# Work order
Nothing outside the range below should be printed. Output exactly the lines from the line with "上半场最后时刻,浙江队利用定" to the line with "y la solidaridad.", both included.

# Data for review

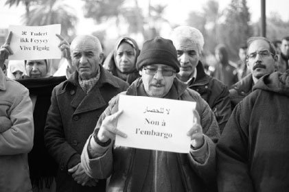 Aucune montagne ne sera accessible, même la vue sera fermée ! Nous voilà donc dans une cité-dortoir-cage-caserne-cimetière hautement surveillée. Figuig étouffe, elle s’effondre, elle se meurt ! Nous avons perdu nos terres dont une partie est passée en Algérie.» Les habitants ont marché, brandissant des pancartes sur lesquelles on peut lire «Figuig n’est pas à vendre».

* * *

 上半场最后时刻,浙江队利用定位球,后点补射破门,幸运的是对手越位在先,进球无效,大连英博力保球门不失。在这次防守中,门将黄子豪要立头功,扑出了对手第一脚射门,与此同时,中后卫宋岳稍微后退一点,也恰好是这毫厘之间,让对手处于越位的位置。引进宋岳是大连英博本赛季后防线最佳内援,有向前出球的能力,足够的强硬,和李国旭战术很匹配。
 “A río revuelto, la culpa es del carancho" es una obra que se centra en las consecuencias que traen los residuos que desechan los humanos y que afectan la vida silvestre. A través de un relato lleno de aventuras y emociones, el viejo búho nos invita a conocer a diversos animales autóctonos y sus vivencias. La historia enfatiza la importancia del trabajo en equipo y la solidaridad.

# Solution for this problem
 上半场最后时刻,浙江队利用定位球,后点补射破门,幸运的是对手越位在先,进球无效,大连英博力保球门不失。在这次防守中,门将黄子豪要立头功,扑出了对手第一脚射门,与此同时,中后卫宋岳稍微后退一点,也恰好是这毫厘之间,让对手处于越位的位置。引进宋岳是大连英博本赛季后防线最佳内援,有向前出球的能力,足够的强硬,和李国旭战术很匹配。
 “A río revuelto, la culpa es del carancho" es una obra que se centra en las consecuencias que traen los residuos que desechan los humanos y que afectan la vida silvestre. A través de un relato lleno de aventuras y emociones, el viejo búho nos invita a conocer a diversos animales autóctonos y sus vivencias. La historia enfatiza la importancia del trabajo en equipo y la solidaridad.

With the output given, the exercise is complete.